Qual o espaço ocupado em nosso imaginário pela figura do pirata ? Por quê – seja onde for esse espaço – a figura do pirata provoca fascínio, que quase sempre inclui o poder de sedução em que pese seu estatuto de marginal ? Sequer é necessário lembrar da imagem midiática do capitão Jack Sparrow de Johnny Depp, arrancando suspiros sabe-se lá de quantas pessoas.

Partindo de uma definição trivial, identifico o pirata como o fora-da-lei que age por conta própria. Seu tempo é histórico, a ameaça que poderia eventualmente representar acaba se dissolvendo em um passado mais ou menos nebuloso (afinal, com exceção do especialista, quem pode afirmar com precisão em que época atuavam ?). Claro, não me refiro aqui a fenômenos contemporâneos, como os “piratas” da Somália: grupos tão violentos e desesperados (e reais) que a própria denominação “pirata” nesse caso pede as aspas. Descartando os “piratas” contemporâneos, incluo no conceito de pirata imaginário a sedução e o fascínio.

O pirata imaginário é competente, excepcionalmente competente, tanto que obriga a mobilização de forças excepcionais para combatê-lo. Ele é o melhor espadachim, o melhor navegador, o estrategista mais habilidoso. Além disso, o pirata age desprezando convenções, e assim fazendo constrói uma identidade absolutamente singular. À bordo do navio pirata, encontramos personagens únicos como Long John Silver, Capitão Gancho, Tristeza Sangrenta, Rackham o Vermelho, Sam o Caolho e Tom Perna-de-pau.

(Sim, há sites que geram um nome pirata para você. Vários sites. Por exemplo, em http://www.piratequiz.com/result.php , após preenmcher um divertido questionário, descobri que meu nome pirata seria  Dirty Sam Kid.    http://pirate.namegeneratorfun.com/  produziu para mim, meio aleatoriamente, o impagável  nome “John ‘Pieces of Eight’ Blighty, o mão sangrenta da Ilha dos Macacos”.)

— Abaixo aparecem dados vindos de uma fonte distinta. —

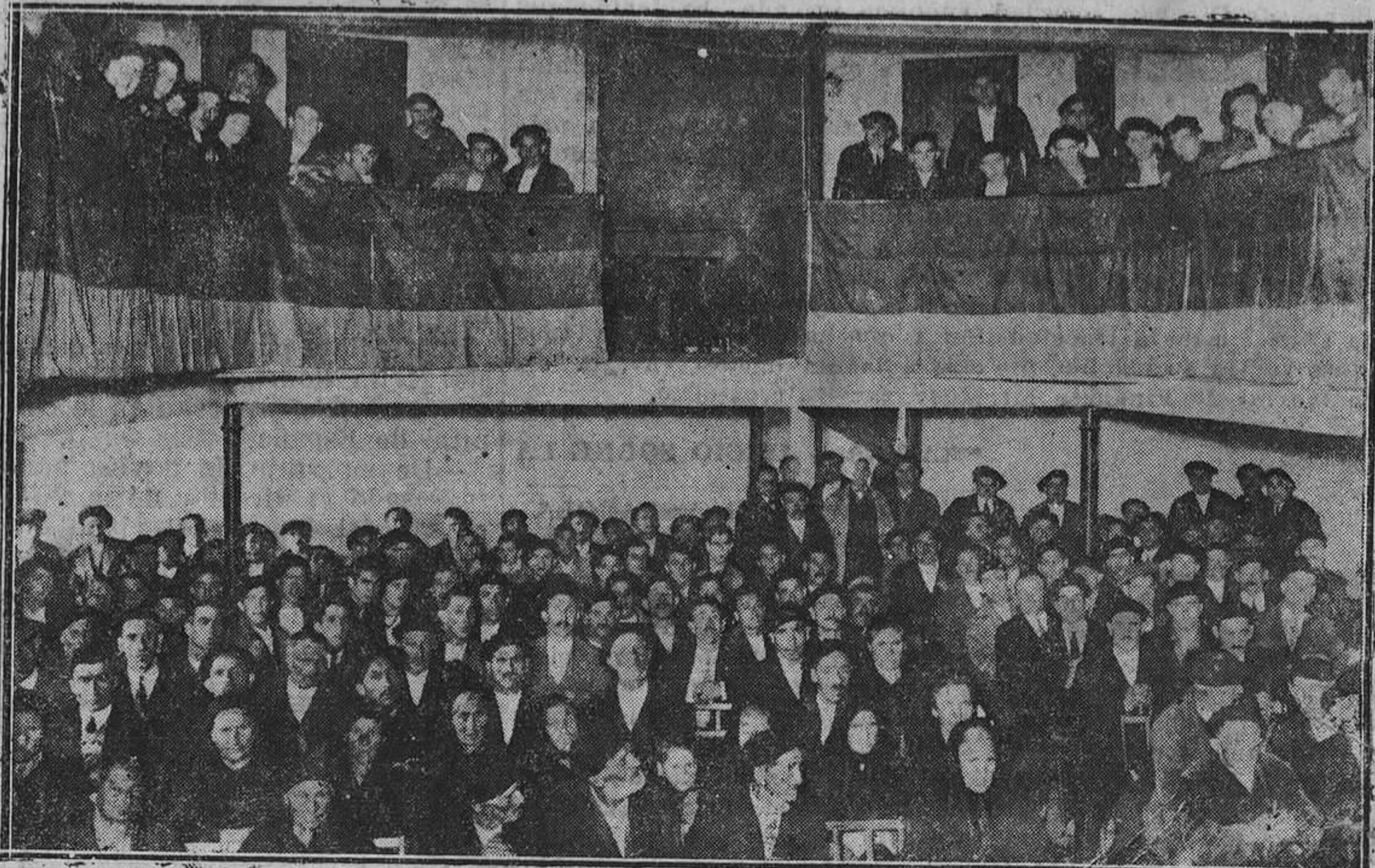
SOTRONDÍO.—Un aspecto del teatro de la Casa del Pueblo durante el homenaje a la vejez celebrado el domingo último.

Denunció el hecho a la policía, a la que manifestó que no

Piratas são diferentes dos homens uniformizados que manejam os navios da Coroa, daquela multidão de capitães e tenentes e marinheiros, todos eles anônimos e intercambiáveis, que servem fielmente ao Rei, e a ele obedecem sem pensar.

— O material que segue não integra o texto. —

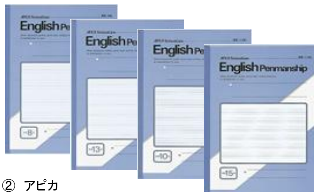
② アピカ スクールライン英習 8・10・13・15段
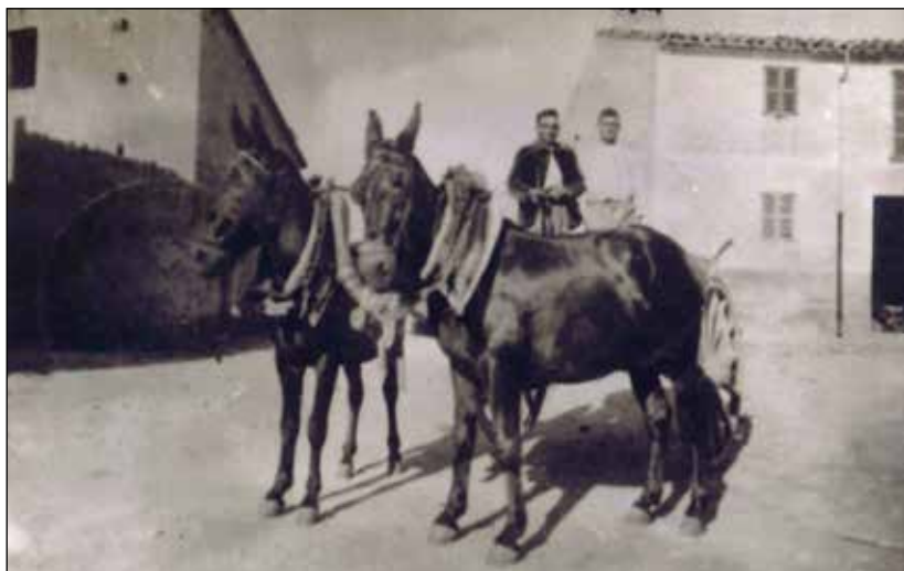
3. Parellers de Son Ribes.

Dos piratas, invejamos sua independência, sua identidade, sua competência. Sabemos que, por serem criaturas singulares, criam suas próprias normas. Talvez seja exatamente isso o que neles mais invejamos. Queremos ser piratas, porém faço uma advertência: sabemos que é bem difícil viver em uma sociedade na qual cada um cria suas próprias normas, em que cada um se considera um pirata.

Mesmo assim, sigo preservando o culto aos piratas, porque sei que eles nos ajudam a lembrar a precariedade da norma, das avaliações estreitas e dos rigorosos métodos  administrativos, em tudo que podem ter de limitador e até de destruidor do trabalho criativo. O administrador da fábrica que nunca pisou no chão da oficina, o contador que não sabe trocar uma lâmpada, o pedagogo que jamais teve uma classe cheia diante de si, aquele que faz as leis trabalhistas e não trabalha... esses são os anti-piratas por excelência, avançando rapidamente na construção de um mundo administrado, entediante, sem graça nenhuma.